Rob heard the question reach from the hall. The doctor.

Rob looked up.

“Mr Marlow, Mrs Marlow. Good heavens!” The doctor set his bag down in a chair as the door shut behind him, then he stripped of his gloves.

“My wife is bleeding heavily and experiencing contractions. I did not know what to do. I have put her in ice only because I thought it would slow the bleeding and it has.”

Rob moved out of the way as the doctor nodded and came to kneel by Caro, with a horn in his hand to listen to the baby’s heart. “There is still a good strong beat. There is no harm done to the child, and we shall keep you in the cold, I am afraid, for a while, Mrs Marlow. I think your husband has been very sensible and is entirely right.”

Caro nodded, her eyes looking up at Rob.

“Where is Mrs Marlow?” Another voice carried in from the hall.

His aunt. The door opened again. Her gaze caught on the blood-stained sheets before it turned to him. “Rob.”

“Aunt Jane.”

She crossed the room and touched his arm in a kindly way. “You ought not to be in here. Caroline will wish to maintain her dignity as the birth progresses. Robert has come with me, so you may go outside and sit with him, and I will take care of Caroline.”

Rob turned and knelt and kissed Caro’s forehead. He was in a dreamlike state now that the responsibility was lifted from his shoulders.

He stroked Caro’s hair back from her forehead and held her hand. “I will leave you and Sarah in the good hands of Dr Silver, and you must not be afraid, because he will guide you through. I will see you again when Sarah is in your arms.”

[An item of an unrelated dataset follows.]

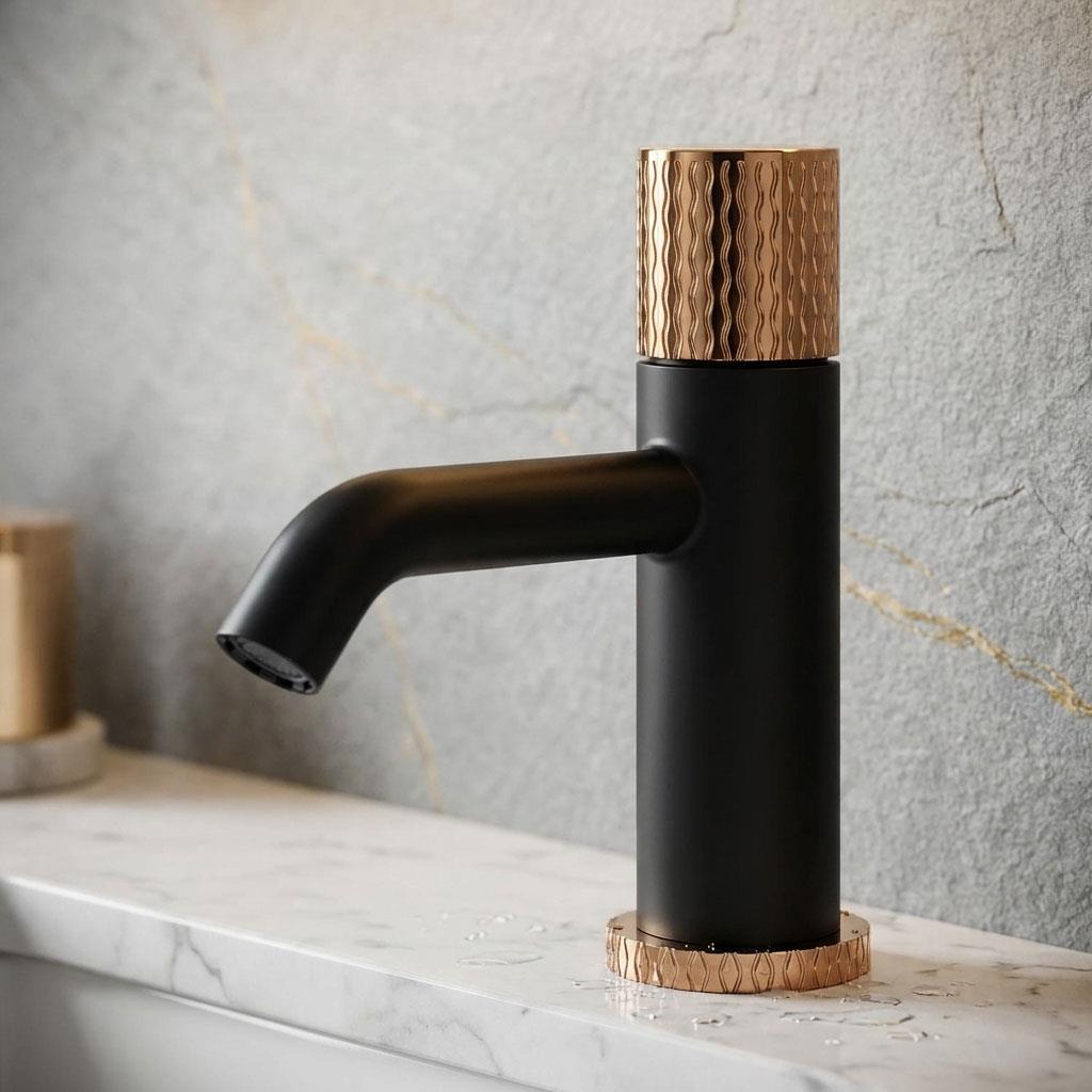 The body of the Invena MOONLIGHT washbasin tap is in fashionable black and is combined with a subtle rose gold handle. This combination makes the handle, engraved with a delicate pattern, illuminate the black like the moonlight in the night sky. The most fashionable combination of colors and the extremely elegant and consistent form of the faucet will add elegance to any room. The faucet comes with a black click-clack cap. Moreover, equipped with a water-saving aerator, it is also an ecological solution. This is a perfect example of how fittings can be functional jewelry for our bathroom.

She nodded, sickly pale and looking exhausted, even though this had only just begun.

When he rose, Jane’s fingers closed about his arm again and she guided him to the door. “I have done this numerous times, Rob, you must not worry.”

“I am not a fool,” he whispered back, “I have known two dozen births in our family and the woman has never bled from the outset. She is at risk, and so is our daughter. Please have me come back if all is not well. Do not leave it until the last moment.”

Jane nodded. She had known this was not good, too, but been trying to pacify him.

He turned away.

His uncle waited in the drawing room. He’d already helped himself to a glass of Rob’s brandy, and he held a second full glass out in Rob’s direction. “It will be a long day.”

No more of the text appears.